Neuroprotective effect of nipradilol on axotomized rat retinal ganglion cells.

Author information

1
Department of Ophthalmology, Tohoku University School of Medicine, Sendai, Japan. ntoru@fa2.so-net.ne.jp

Abstract

PURPOSE:

To determine whether nipradilol, a new anti-glaucoma drug, can protect retinal ganglion cells (RGCs) from secondary cell death caused by transection of the optic nerve (ON).

METHODS:

The ON was transected 0.7 mm from its exit from the eye in Sprague Dawley rats. Nipradilol (1 x 10(-8) - 10(-3) M), timolol, prazosin, or sodium nitroprusside (SNP) (1 x 10(-6) - 10(-4) M) was injected intravitreally fifteen-minutes before the ON transection. Control eyes received the same amount of phosphate buffered (PB). The RGCs were labeled retrogradely by placing gelfoam soaked in fluoro-gold (FG) on the stump of ON. RGCs density was determined by counting the FG-labeled RGCs in flat-mounted retinas 3 to 14 days post-transection. To determine whether the neuroprotective action of nipradilol was due to its NO-donor property, carboxy-PTIO, a NO-scavenger, or KT5832, a protein kinase G inhibitor, was injected with the nipradilol.

RESULTS:

After ON transection, the number of surviving RGCs after intravitreal injection of 1 x 10(-4) M nipradilol was significantly higher than that following PB injection. This protective activity was dose-dependent. Neither timolol nor prazosin had a neuroprotective effect but SNP protected RGCs in a dose-dependent manner.
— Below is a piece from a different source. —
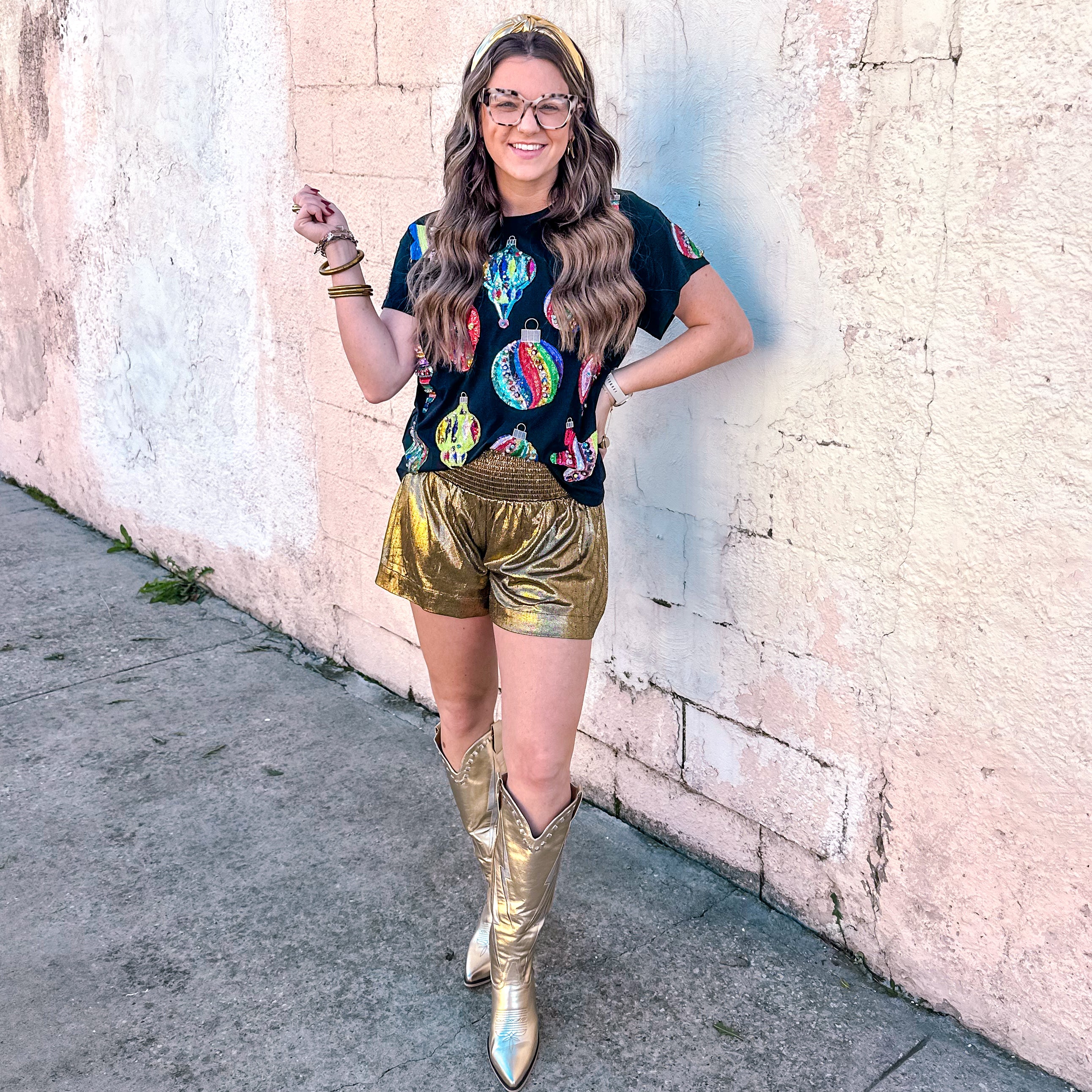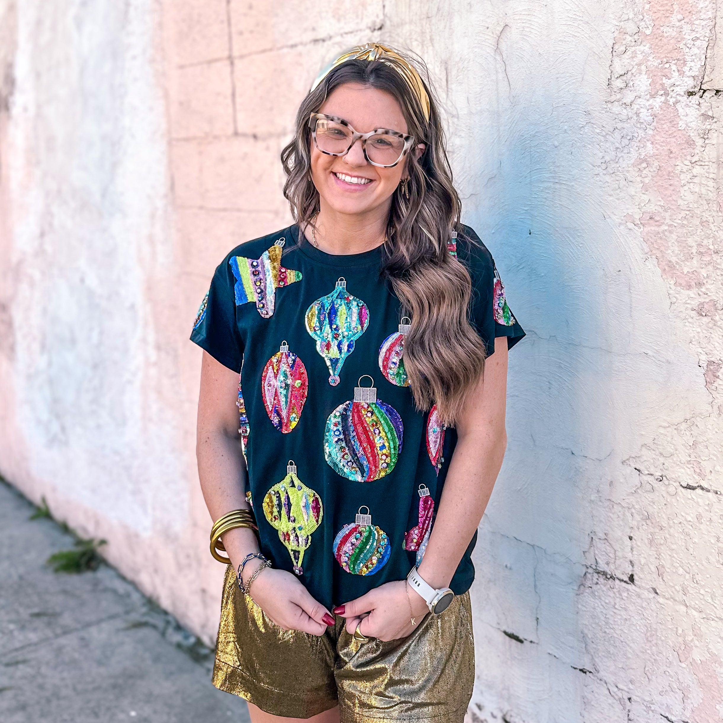 Stay stylish and sparkly with our Queen Of Sparkles tee. This black tee is adorned with an array of multi colored ornaments, adding a touch of fun and glamour to any outfit. Crafted with high quality materials, this tee is sure to become a staple in your wardrobe.
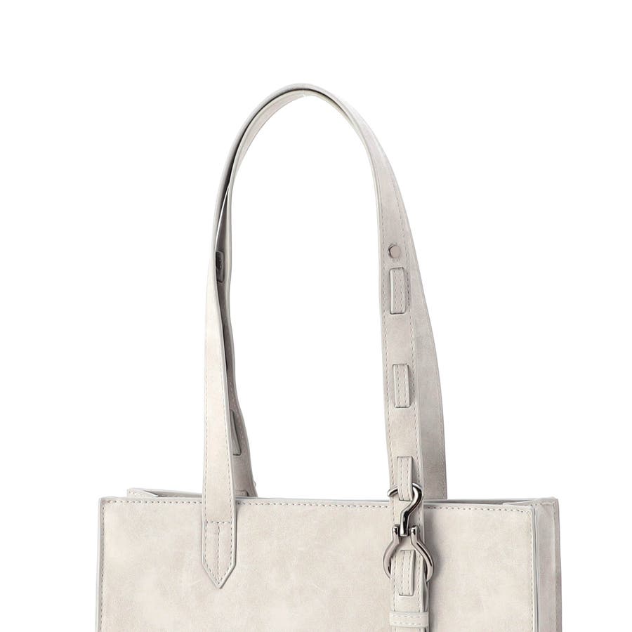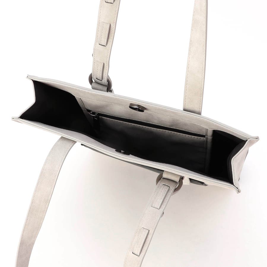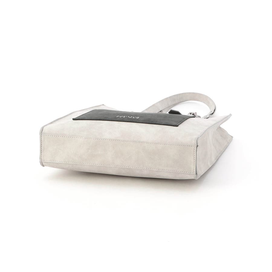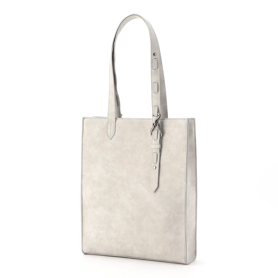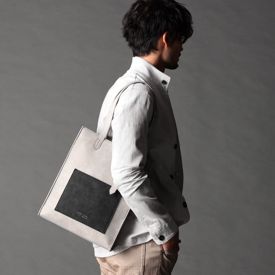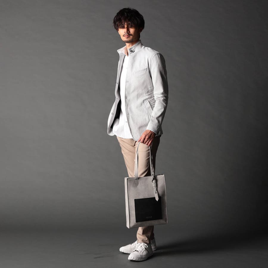 モードな雰囲気を演出する縦型トートバッグ。マグネット口のフロントポケットは素材を大胆に切り替え、見た目にインパクトを持たせました。ハンドル部分はフックバックルを取り付けたベルト仕様にすることで、長さの調節機能と高級感のあるデザイン性を両立。箔押しのブランドロゴがアクセントになっています。

Carboxy-PTIO and KT5832 decreased the neuroprotective effect of nipradilol.

CONCLUSIONS:

These results indicate that nipradilol has a possibility of neuroprotective effect on axotomized RGCs, and the effect depended mainly on its NO-donor property.

PMID:
12187483
DOI:
10.1076/ceyr.24.2.114.8162
[Indexed for MEDLINE]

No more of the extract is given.